Exercise description:
Transcribe the following records exactly, images excluded.

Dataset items
§ §

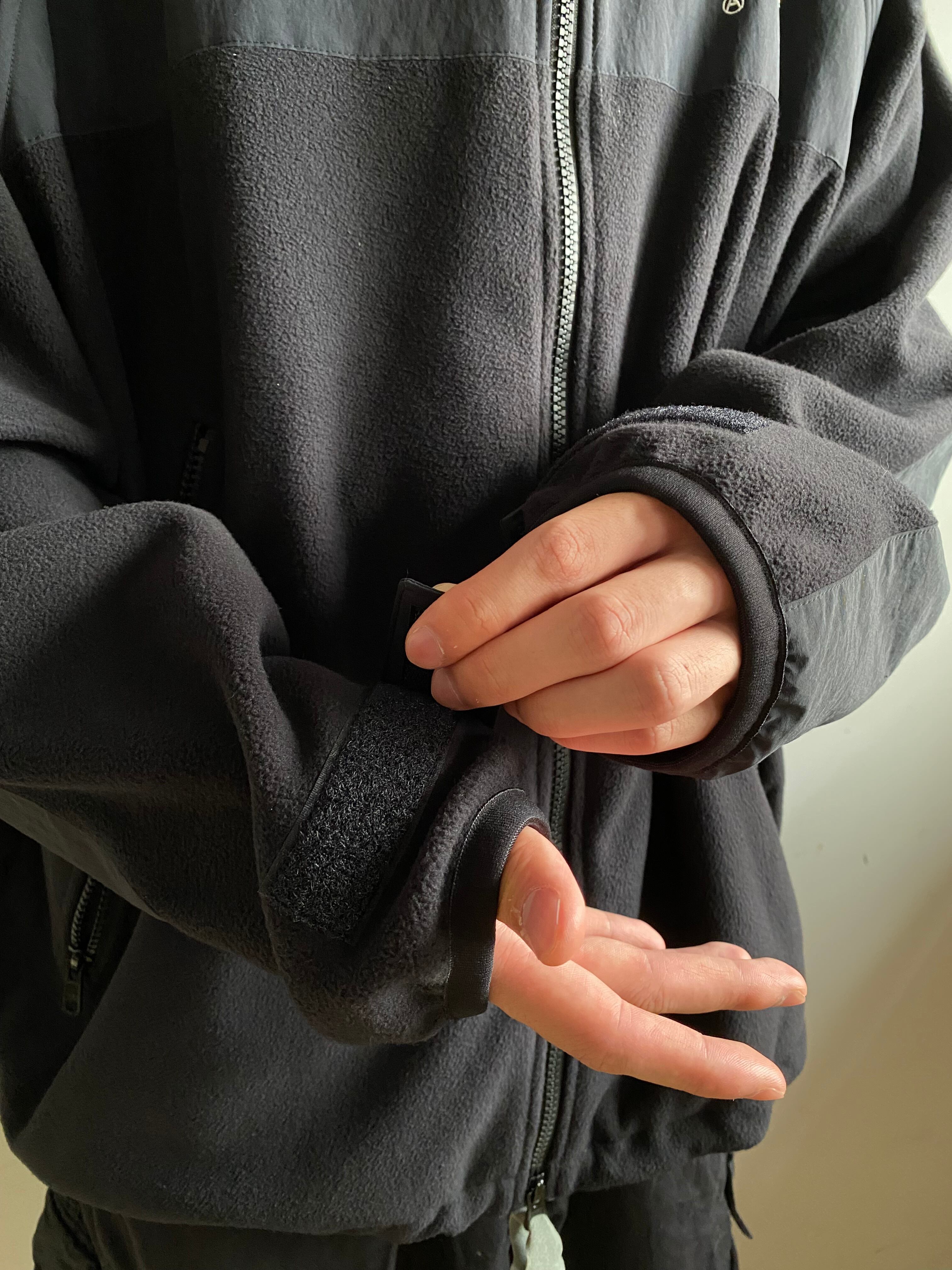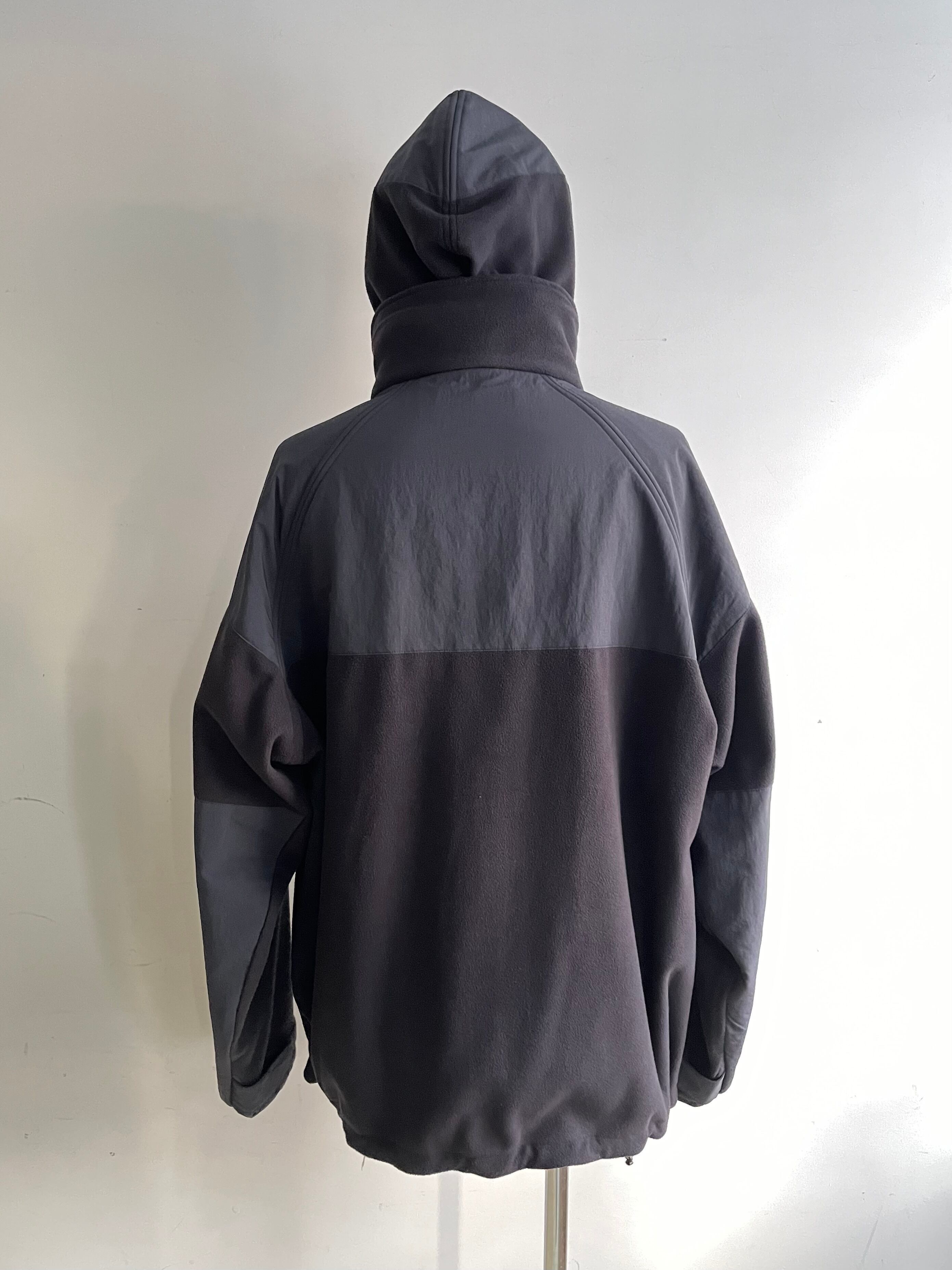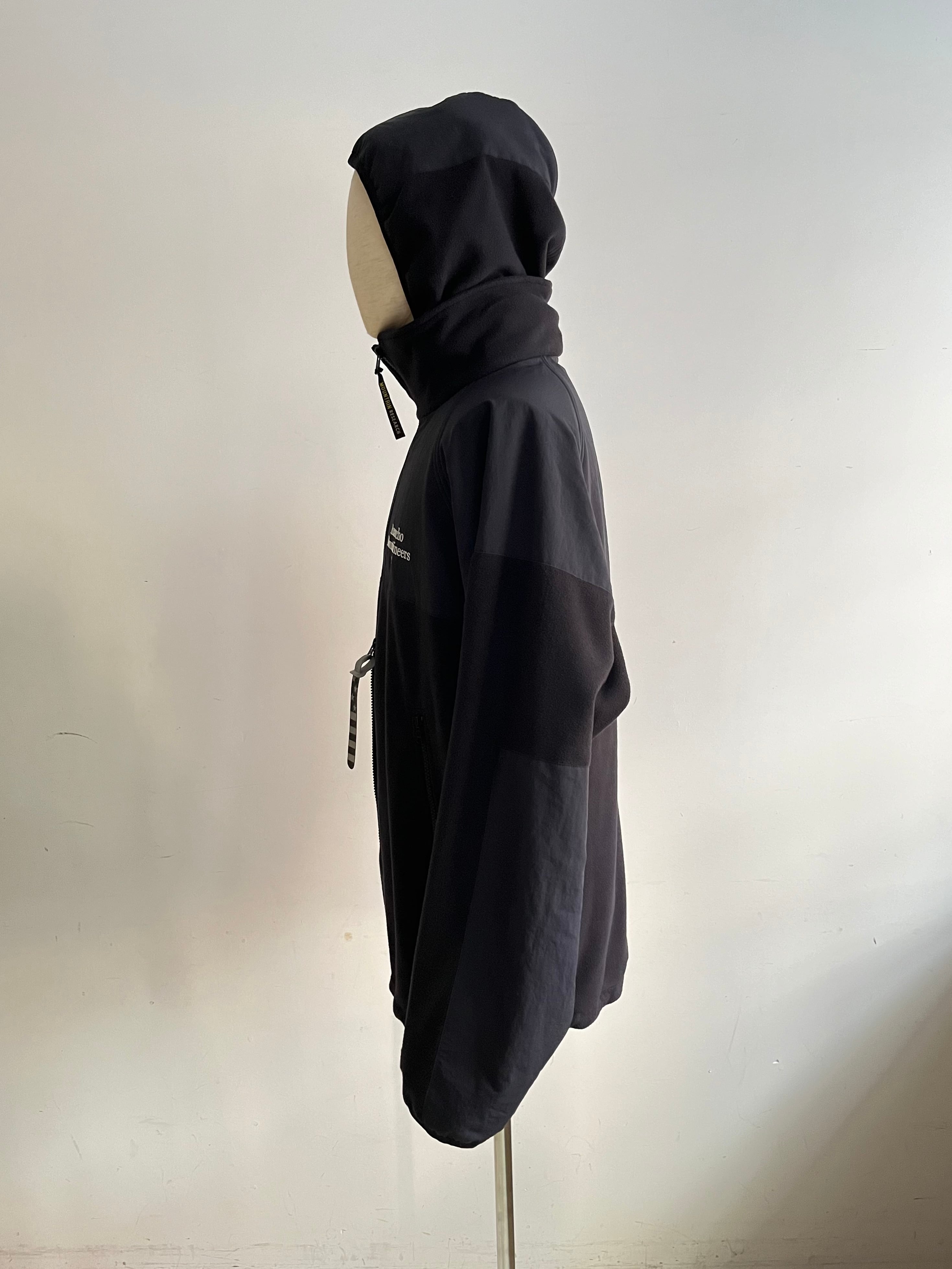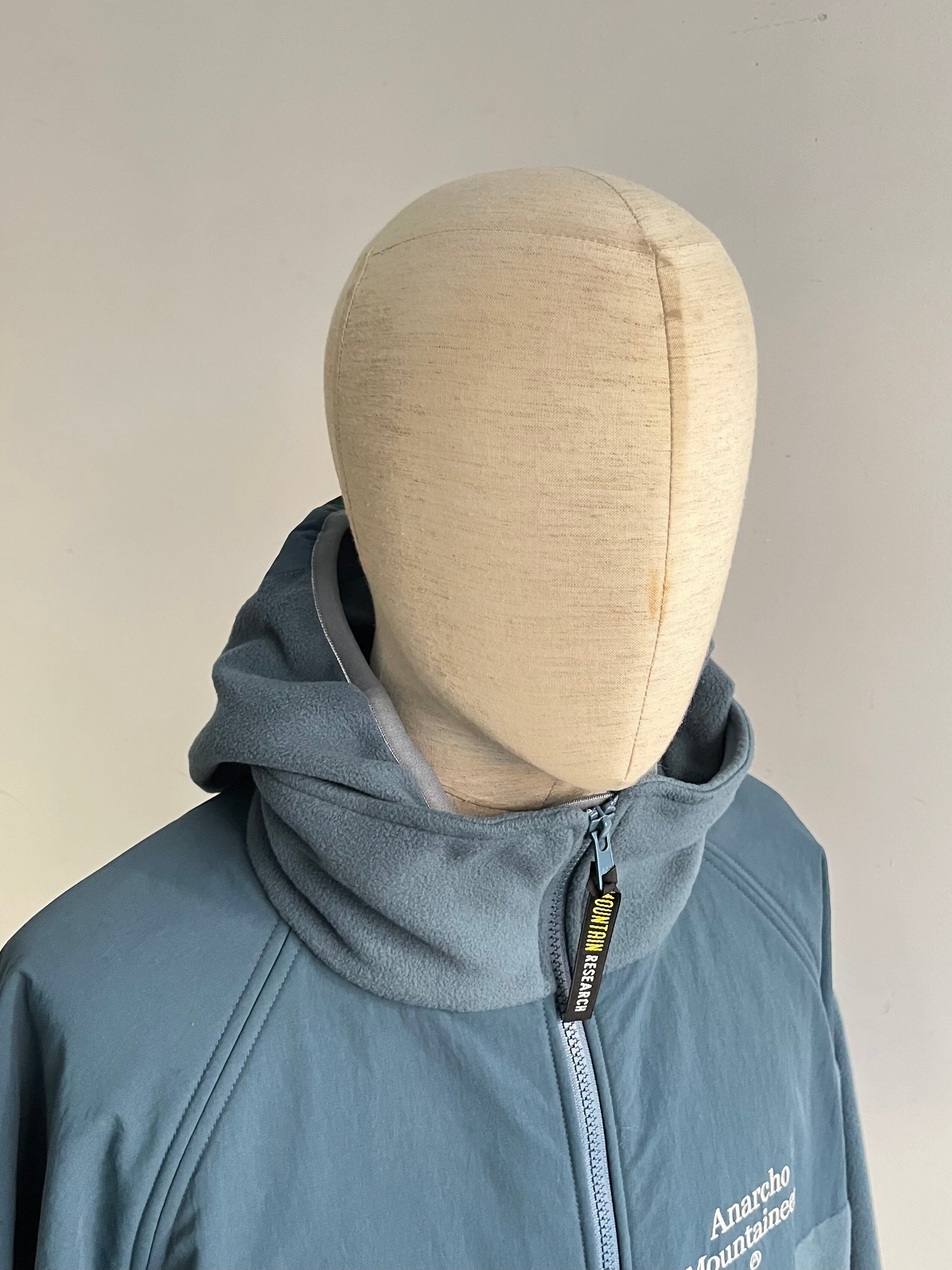 高品位なリサイクルマイクロストレッチフリースを使用したフリースジャケット。肩や肘など摩擦が生じやすい部分には耐久性のあるタスランナイロン生地を使用し耐久性を強化するなど実用性の高い一品。フードはファスナーで着脱可能、前面はダブルファスナー、裾のドローコードなど充実した仕様で着方のバリエーションも豊富です。左胸にはブランドアイコンの一つ「Anarcho Mountaineer」の刺繍が入ります。
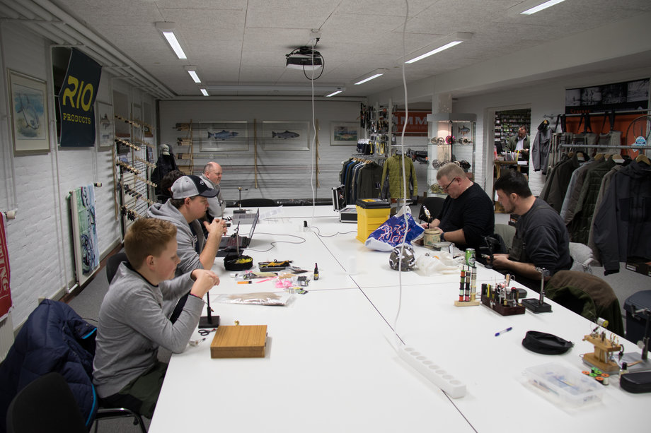 Inkarnerede lystfiskere deltog i fluebindingskursus i Viby hos Fluebinding.nu.
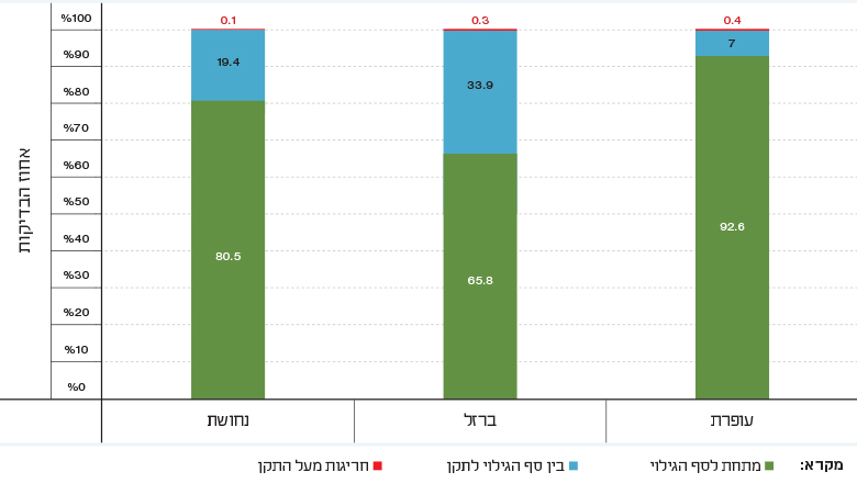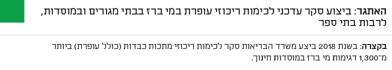 במהלך 2018 יזם משרד הבריאות סקר לכימות ריכוזי מתכות כבדות במי ברז במוסדות חינוך ברחבי הארץ. בסקר נבדקו 1,379 דגימות מי ברז במוסדות חינוך ברחבי הארץ – בערים גדולות וביישובים קטנים, במרכז ובפריפריה. דגימות מי הברז נבדקו למתכות כבדות: עופרת, ברזל ונחושת. בסקר נמצא ש-99.6% מהדגימות היו תקינות מבחינת ריכוזי העופרת, 99.7% מהדגימות היו תקינות מבחינת ריכוזי הברזל, ו-99.9% מהדגימות היו תקינות מבחינת ריכוזי הנחושת (תרשים 1).2
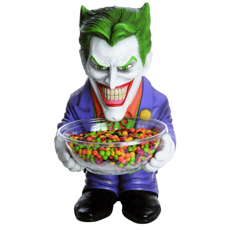 J’ai vu dernièrement ce genre de porte-bonbons dans une boutique de BD et je dois avouer que le rendu est plutôt cool. On ne s’en rend pas forcément compte sur la photo mais le Joker mesure tout de même 50 centimètres. De quoi ranger un grand nombre de bonbons, je pense que pour Halloween il fera fureur.
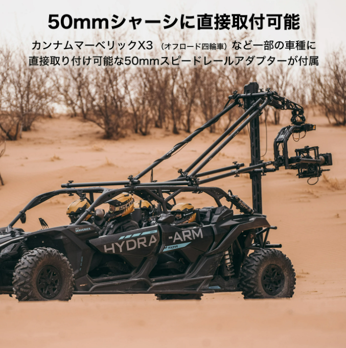 また、衝撃吸収アームの50mmSpeed Railを使用することで、Can-Am Maverick X3 などの特殊車両にスライダーを取り付けることもできます。
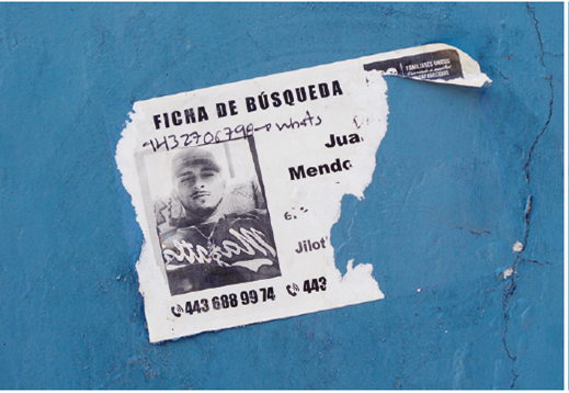 Las madres buscadoras, en la investigación realizada por Vargas, sacan de la intimidad de sus casas retratos informales, retratos que tienen “algo” en la expresión que los individualiza y que los separa de las imágenes serializadas que publica el gobierno de Jalisco. Los sacan a la vista pública lo más que pueden y así interrumpen el efecto de “una estadística más” en el paisaje urbano. Es un proyecto muy consciente que incorpora ideas de sociedad civil y opinión pública en una extensión de cuidados espirituales. En Zamora, las campañas que pegan fichas de búsqueda participan con el mismo lenguaje de denuncias y apelación a los derechos humanos como las campañas hermanas en otras ciudades de la república. Como escribe “Anónima” en un pie de foto (Imagen 1), los arrancan rápido. Pero la impresión que me da es que entre la mayoría de las familias con desaparecidos aquí, la apelación a valores civiles tampoco les resuena mucho. Sospecho que muchos hacen sus indagaciones en espacios y por redes que apenas percibo.
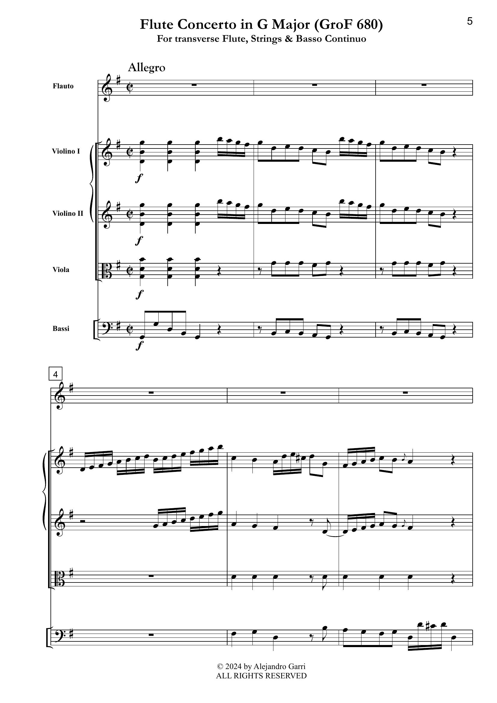 Adam, Johann (ca.1705 – 1779) Flute Concerto in G Major (GroF 680), for Transverse Flute, Strings & Basso Continuo (full score & 5 parts)
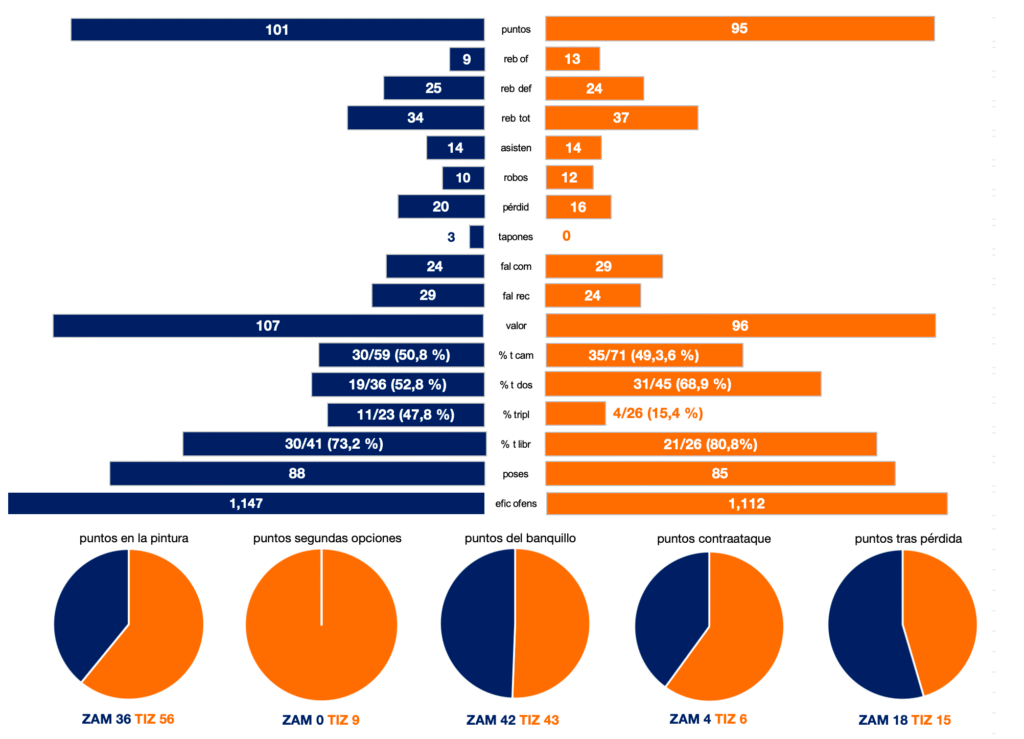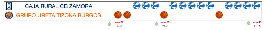 Las últimas acciones visitantes no veían aro y aunque provocaban faltas buscando el fallo desde el 4,60 local, los tiradores zamoranos estuvieron certeros desde la línea del tiro libre cerrando un complicado partido por 101-95, consiguiendo la segunda victoria de la temporada, lo que les mantiene en la parte alta de la clasificación de Primera FEB.

§ §

Result of the task:
 高品位なリサイクルマイクロストレッチフリースを使用したフリースジャケット。肩や肘など摩擦が生じやすい部分には耐久性のあるタスランナイロン生地を使用し耐久性を強化するなど実用性の高い一品。フードはファスナーで着脱可能、前面はダブルファスナー、裾のドローコードなど充実した仕様で着方のバリエーションも豊富です。左胸にはブランドアイコンの一つ「Anarcho Mountaineer」の刺繍が入ります。
 Inkarnerede lystfiskere deltog i fluebindingskursus i Viby hos Fluebinding.nu.
 במהלך 2018 יזם משרד הבריאות סקר לכימות ריכוזי מתכות כבדות במי ברז במוסדות חינוך ברחבי הארץ. בסקר נבדקו 1,379 דגימות מי ברז במוסדות חינוך ברחבי הארץ – בערים גדולות וביישובים קטנים, במרכז ובפריפריה. דגימות מי הברז נבדקו למתכות כבדות: עופרת, ברזל ונחושת. בסקר נמצא ש-99.6% מהדגימות היו תקינות מבחינת ריכוזי העופרת, 99.7% מהדגימות היו תקינות מבחינת ריכוזי הברזל, ו-99.9% מהדגימות היו תקינות מבחינת ריכוזי הנחושת (תרשים 1).2
 J’ai vu dernièrement ce genre de porte-bonbons dans une boutique de BD et je dois avouer que le rendu est plutôt cool. On ne s’en rend pas forcément compte sur la photo mais le Joker mesure tout de même 50 centimètres. De quoi ranger un grand nombre de bonbons, je pense que pour Halloween il fera fureur.
 また、衝撃吸収アームの50mmSpeed Railを使用することで、Can-Am Maverick X3 などの特殊車両にスライダーを取り付けることもできます。
 Las madres buscadoras, en la investigación realizada por Vargas, sacan de la intimidad de sus casas retratos informales, retratos que tienen “algo” en la expresión que los individualiza y que los separa de las imágenes serializadas que publica el gobierno de Jalisco. Los sacan a la vista pública lo más que pueden y así interrumpen el efecto de “una estadística más” en el paisaje urbano. Es un proyecto muy consciente que incorpora ideas de sociedad civil y opinión pública en una extensión de cuidados espirituales. En Zamora, las campañas que pegan fichas de búsqueda participan con el mismo lenguaje de denuncias y apelación a los derechos humanos como las campañas hermanas en otras ciudades de la república. Como escribe “Anónima” en un pie de foto (Imagen 1), los arrancan rápido. Pero la impresión que me da es que entre la mayoría de las familias con desaparecidos aquí, la apelación a valores civiles tampoco les resuena mucho. Sospecho que muchos hacen sus indagaciones en espacios y por redes que apenas percibo.
 Adam, Johann (ca.1705 – 1779) Flute Concerto in G Major (GroF 680), for Transverse Flute, Strings & Basso Continuo (full score & 5 parts)
 Las últimas acciones visitantes no veían aro y aunque provocaban faltas buscando el fallo desde el 4,60 local, los tiradores zamoranos estuvieron certeros desde la línea del tiro libre cerrando un complicado partido por 101-95, consiguiendo la segunda victoria de la temporada, lo que les mantiene en la parte alta de la clasificación de Primera FEB.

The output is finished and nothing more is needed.